> **Problem statement**
Repeat the span of the entries below that starts at the line with "Create a vibrant" and ends at the line with "7809 og 71 image1921, New", nothing more. Skip the pictures.

> **Data in this exercise**
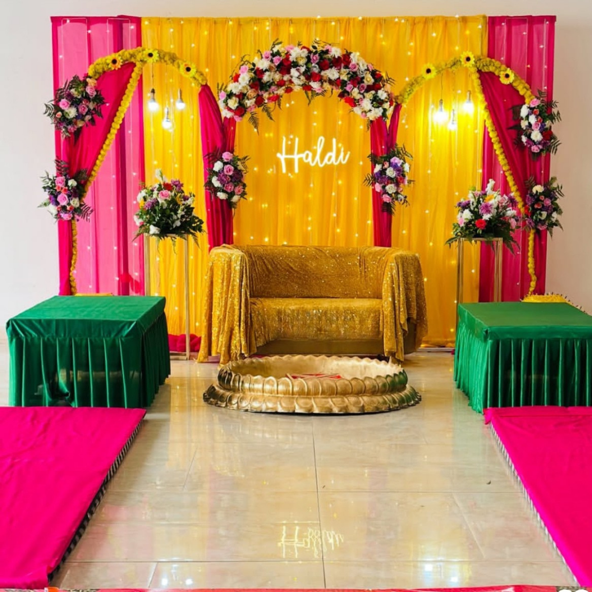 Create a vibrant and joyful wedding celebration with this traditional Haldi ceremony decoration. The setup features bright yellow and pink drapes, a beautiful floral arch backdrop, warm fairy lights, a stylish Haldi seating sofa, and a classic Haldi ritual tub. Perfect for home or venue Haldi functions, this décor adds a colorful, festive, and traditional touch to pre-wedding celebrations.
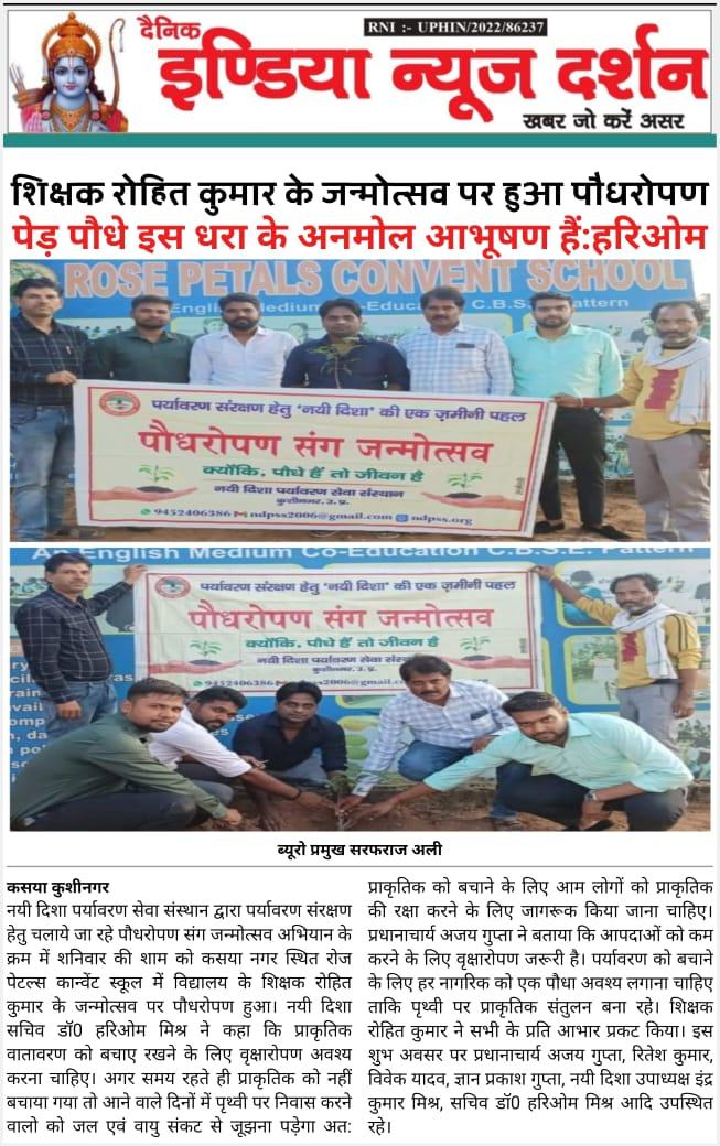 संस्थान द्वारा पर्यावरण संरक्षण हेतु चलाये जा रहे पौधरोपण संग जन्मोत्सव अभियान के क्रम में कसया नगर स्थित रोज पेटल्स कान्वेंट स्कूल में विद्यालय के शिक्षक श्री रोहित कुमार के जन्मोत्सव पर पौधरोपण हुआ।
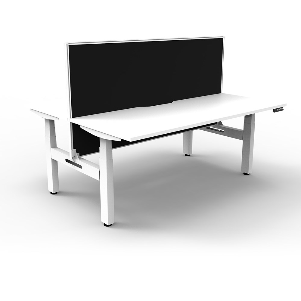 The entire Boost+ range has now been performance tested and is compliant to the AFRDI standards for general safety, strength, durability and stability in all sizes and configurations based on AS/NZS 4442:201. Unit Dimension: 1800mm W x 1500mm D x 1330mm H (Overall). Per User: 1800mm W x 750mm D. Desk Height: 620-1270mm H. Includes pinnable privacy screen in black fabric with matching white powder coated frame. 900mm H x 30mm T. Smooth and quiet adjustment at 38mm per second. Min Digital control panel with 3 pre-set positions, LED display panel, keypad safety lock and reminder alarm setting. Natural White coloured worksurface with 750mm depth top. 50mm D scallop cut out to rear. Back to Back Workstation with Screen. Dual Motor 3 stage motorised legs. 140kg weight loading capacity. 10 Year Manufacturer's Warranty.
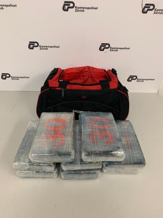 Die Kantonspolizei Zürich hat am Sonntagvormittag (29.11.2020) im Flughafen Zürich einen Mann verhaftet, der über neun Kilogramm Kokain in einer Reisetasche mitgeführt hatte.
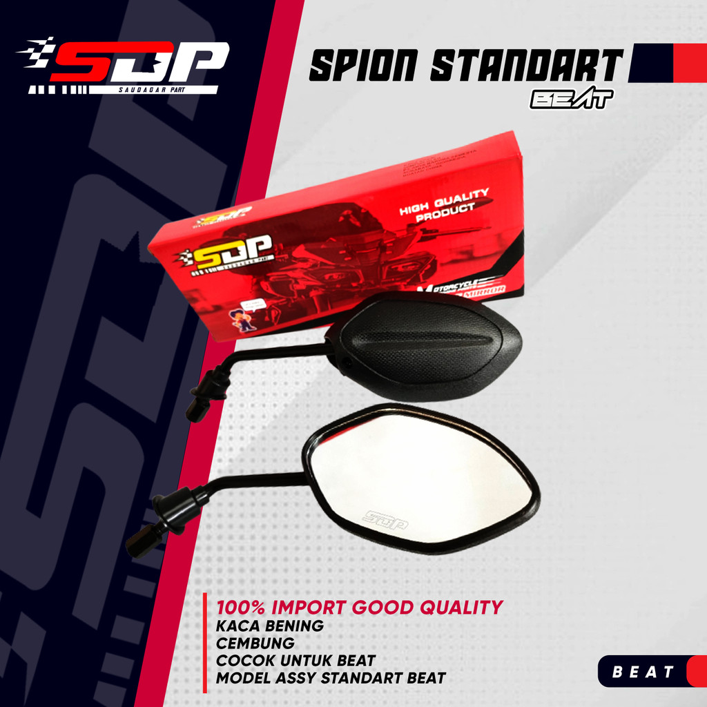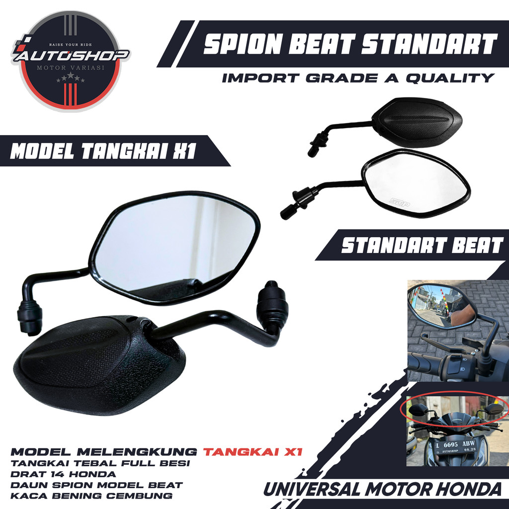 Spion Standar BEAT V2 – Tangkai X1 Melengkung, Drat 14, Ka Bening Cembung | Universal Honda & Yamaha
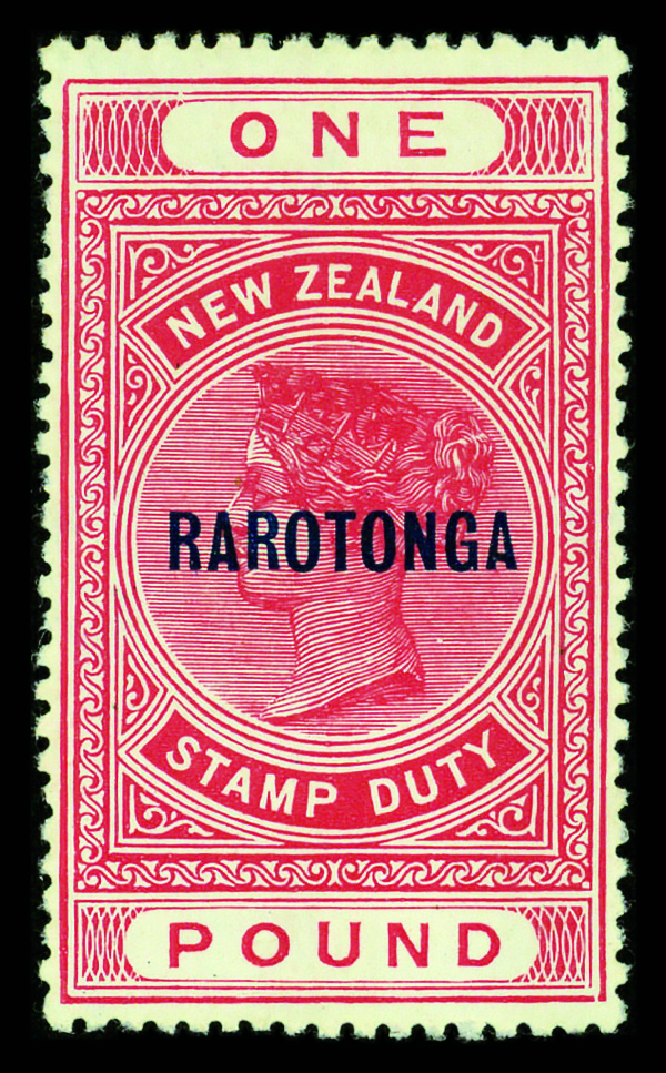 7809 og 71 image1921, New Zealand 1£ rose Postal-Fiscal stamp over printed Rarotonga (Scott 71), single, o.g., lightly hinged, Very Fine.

...

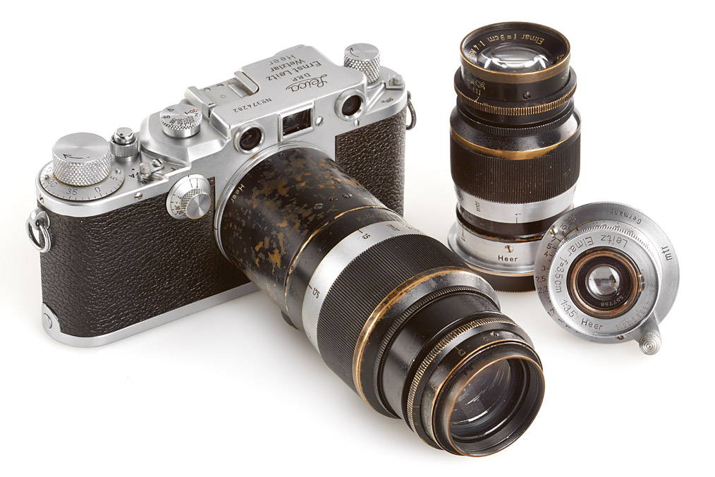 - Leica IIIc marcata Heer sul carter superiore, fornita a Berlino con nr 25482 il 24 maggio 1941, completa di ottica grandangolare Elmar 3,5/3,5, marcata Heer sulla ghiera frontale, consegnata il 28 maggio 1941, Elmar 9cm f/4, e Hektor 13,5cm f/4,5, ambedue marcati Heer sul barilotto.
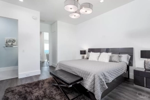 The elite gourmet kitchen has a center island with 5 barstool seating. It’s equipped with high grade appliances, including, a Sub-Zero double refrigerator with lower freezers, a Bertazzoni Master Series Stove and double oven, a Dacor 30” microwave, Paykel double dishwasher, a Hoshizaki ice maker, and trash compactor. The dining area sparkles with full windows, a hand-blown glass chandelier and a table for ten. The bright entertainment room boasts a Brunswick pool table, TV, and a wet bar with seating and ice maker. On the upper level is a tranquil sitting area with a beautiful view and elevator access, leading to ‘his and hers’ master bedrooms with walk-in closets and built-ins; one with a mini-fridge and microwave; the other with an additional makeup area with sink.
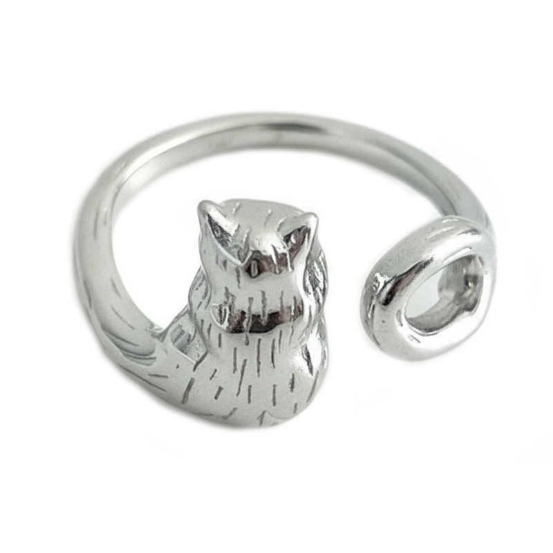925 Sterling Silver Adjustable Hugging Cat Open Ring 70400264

--

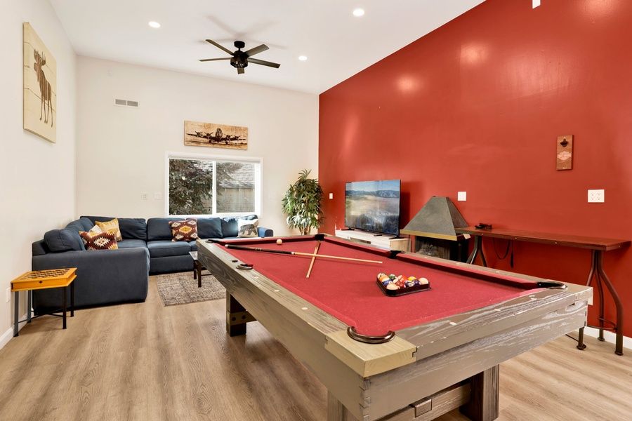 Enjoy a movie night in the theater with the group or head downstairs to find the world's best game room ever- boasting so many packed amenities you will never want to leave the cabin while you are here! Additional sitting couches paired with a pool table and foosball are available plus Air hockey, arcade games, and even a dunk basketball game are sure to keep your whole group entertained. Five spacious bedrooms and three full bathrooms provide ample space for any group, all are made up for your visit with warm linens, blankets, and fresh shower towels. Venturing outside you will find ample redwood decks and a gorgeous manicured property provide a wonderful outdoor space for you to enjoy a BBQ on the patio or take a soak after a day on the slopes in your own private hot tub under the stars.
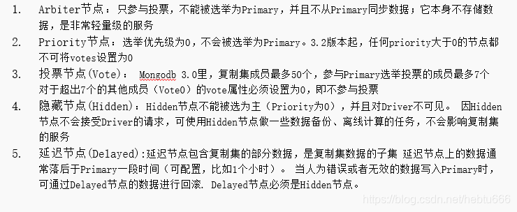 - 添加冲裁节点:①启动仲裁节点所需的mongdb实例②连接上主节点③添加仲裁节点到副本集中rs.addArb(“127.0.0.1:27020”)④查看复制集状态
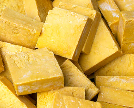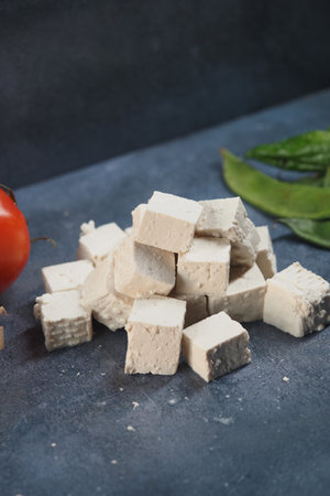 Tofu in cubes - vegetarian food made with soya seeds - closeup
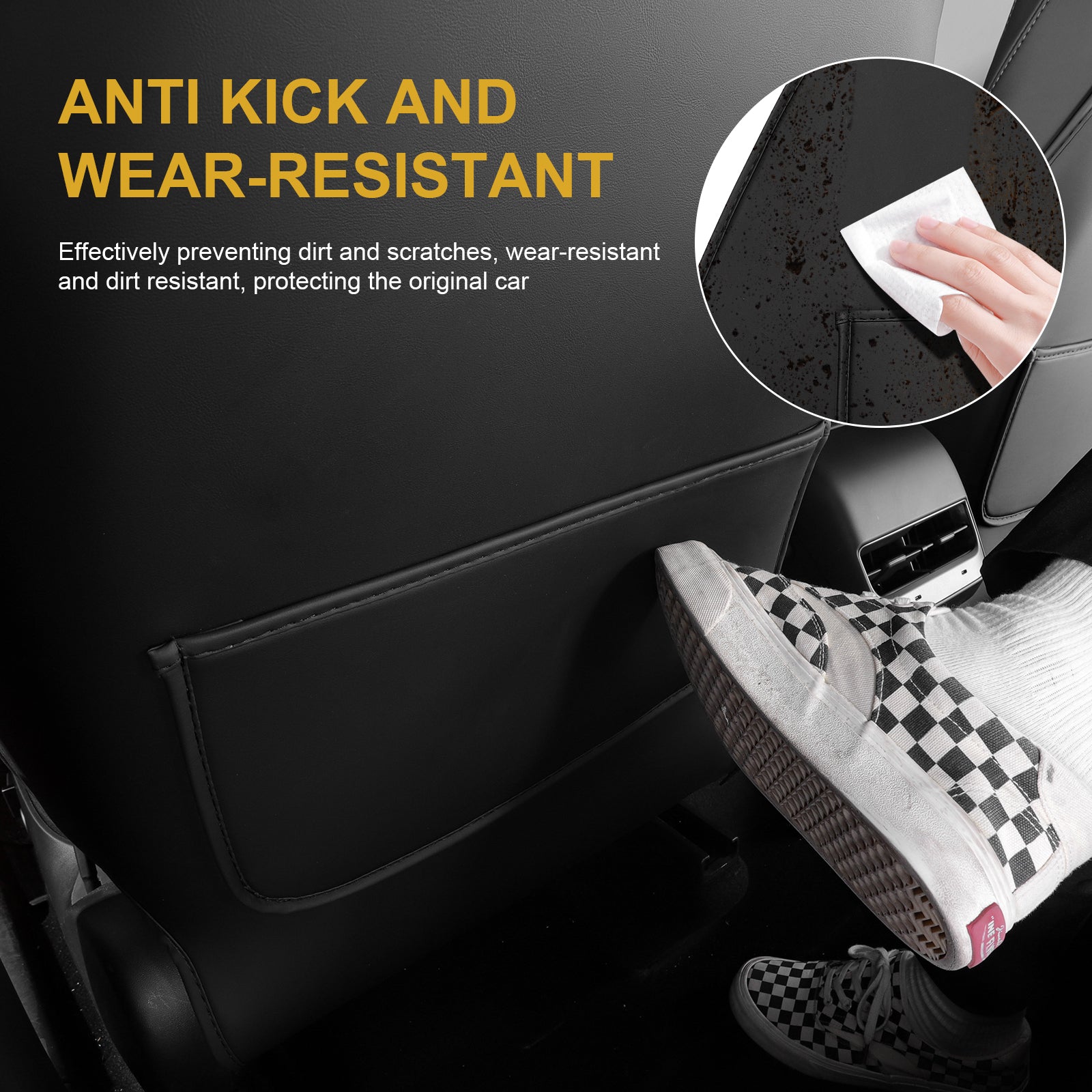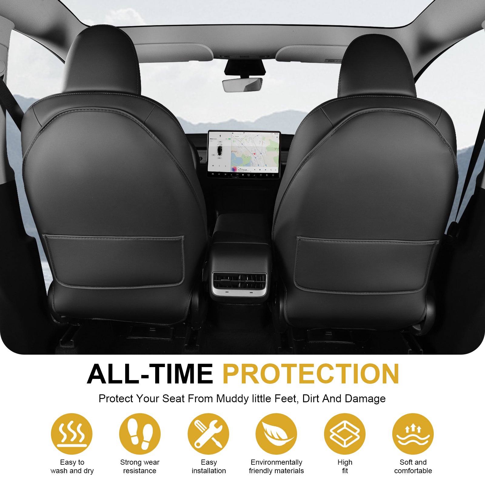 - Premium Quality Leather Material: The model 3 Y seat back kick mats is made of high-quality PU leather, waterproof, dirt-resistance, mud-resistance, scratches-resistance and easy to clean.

> **Solution**
 Create a vibrant and joyful wedding celebration with this traditional Haldi ceremony decoration. The setup features bright yellow and pink drapes, a beautiful floral arch backdrop, warm fairy lights, a stylish Haldi seating sofa, and a classic Haldi ritual tub. Perfect for home or venue Haldi functions, this décor adds a colorful, festive, and traditional touch to pre-wedding celebrations.
 संस्थान द्वारा पर्यावरण संरक्षण हेतु चलाये जा रहे पौधरोपण संग जन्मोत्सव अभियान के क्रम में कसया नगर स्थित रोज पेटल्स कान्वेंट स्कूल में विद्यालय के शिक्षक श्री रोहित कुमार के जन्मोत्सव पर पौधरोपण हुआ।
 The entire Boost+ range has now been performance tested and is compliant to the AFRDI standards for general safety, strength, durability and stability in all sizes and configurations based on AS/NZS 4442:201. Unit Dimension: 1800mm W x 1500mm D x 1330mm H (Overall). Per User: 1800mm W x 750mm D. Desk Height: 620-1270mm H. Includes pinnable privacy screen in black fabric with matching white powder coated frame. 900mm H x 30mm T. Smooth and quiet adjustment at 38mm per second. Min Digital control panel with 3 pre-set positions, LED display panel, keypad safety lock and reminder alarm setting. Natural White coloured worksurface with 750mm depth top. 50mm D scallop cut out to rear. Back to Back Workstation with Screen. Dual Motor 3 stage motorised legs. 140kg weight loading capacity. 10 Year Manufacturer's Warranty.
 Die Kantonspolizei Zürich hat am Sonntagvormittag (29.11.2020) im Flughafen Zürich einen Mann verhaftet, der über neun Kilogramm Kokain in einer Reisetasche mitgeführt hatte.
 Spion Standar BEAT V2 – Tangkai X1 Melengkung, Drat 14, Ka Bening Cembung | Universal Honda & Yamaha
 7809 og 71 image1921, New Zealand 1£ rose Postal-Fiscal stamp over printed Rarotonga (Scott 71), single, o.g., lightly hinged, Very Fine.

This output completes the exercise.